As Dr. David Hemenway, director of the Harvard Injury Control Research Center, notes in his 2004 book Private Guns, Public Health: “[T]he time Americans spend using their cars is orders of magnitudes greater than the time spent using their guns. It is probable that per hour of exposure, guns are far more dangerous. Moreover, we have lots of safety regulations concerning the manufacture of motor vehicles; there are virtually no safety regulations for domestic firearms manufacture.”
Although firearms fatalities of all sorts remain high, a Department of Justice
report released this month showed a drop in the number of murders committed with a firearm fell 39 percent to 11,101 in 2011, from a high of 18,253 in 1993. But the low point actually occurred in 1999, when gun murders hit 10,117. Since then, such murders have remained on a plateau, although the rate of gun murders per 100,000 population has dropped because of the population increase.
Firearms incidents, the number of victims and the firearm crime rate have also dropped significantly since 1993, although not in a linear fashion. Firearms crimes as a percentage of all crimes are, however, the same as they were in 1993, eight percent.
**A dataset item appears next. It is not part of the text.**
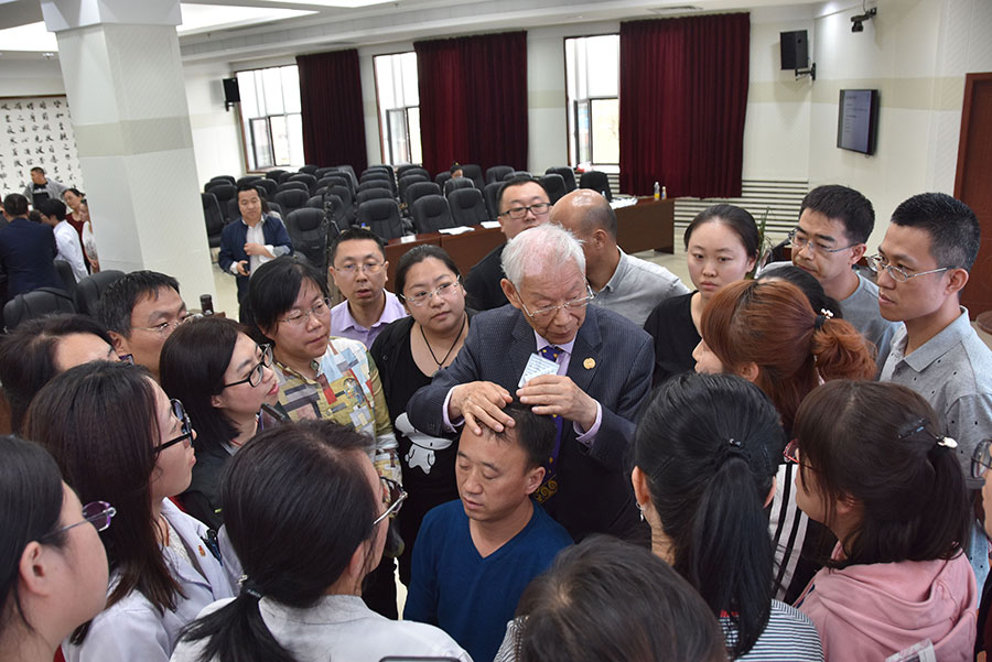 读到这,您可能想问,朱明清教授毕竟不能一直留在长春,怎么办?其实,早在2018年7月,朱明清教授便收下了第一位弟子——中文成人网 急诊科主任胡少红。拜师至今,胡少红一直追随着老师的脚步学习“朱氏头皮针”。胡少红说,头皮针特别神奇,而且比较方便,对于患者来说几乎没有痛苦,无论大人还是孩子都能接受,而且患者病情越重越急,及早施针,效果越明显。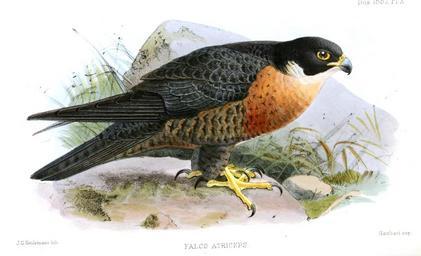 | Keywords: FalcoAtricepsKeulemans.jpg « Falco atriceps » Falco peregrinus peregrinator Subspecies of Peregrine falcon - « Falco atriceps » Falco peregrinus peregrinator Sous-espèce de Faucon pèlerin - this ssp is called Shaheen falcon http //archive org/stream/ibis36brit page/n341/mode/2up The Ibis ser 4 vol 6 creator John Gerrard Keulemans 1882 PD-old-100 Peregrine Falcons in art Ibis 1882 | ||||

Below the fold, see what VPC has to say about reducing the number of gun deaths.
Bringing the number down further, the Violence Policy Center says, will require new policies, many of which have received a lengthy public airing in the past few months without anything being passed at the federal level. These policies would include:
• Collecting details in a timely fashion on firearms production, sales and use in crime
• Setting minimum safety standards for firearms both in design and mandated safety devices
• Banning certain guns that the VPC says have "no sporting purpose." That would include military-style semi-automatic rifles
• Limiting the capacity of ammunition magazines
• Banning firearms possession by people likely to misuse them, for example, anyone convicted of a violent misdemeanor.
Some states already have passed one set of laws the VPC is suggesting, such as the "assault weapons" bans in California, New York, Connecticut, New Jersey and Maryland, and magazine capacity limits in those states as well as Colorado.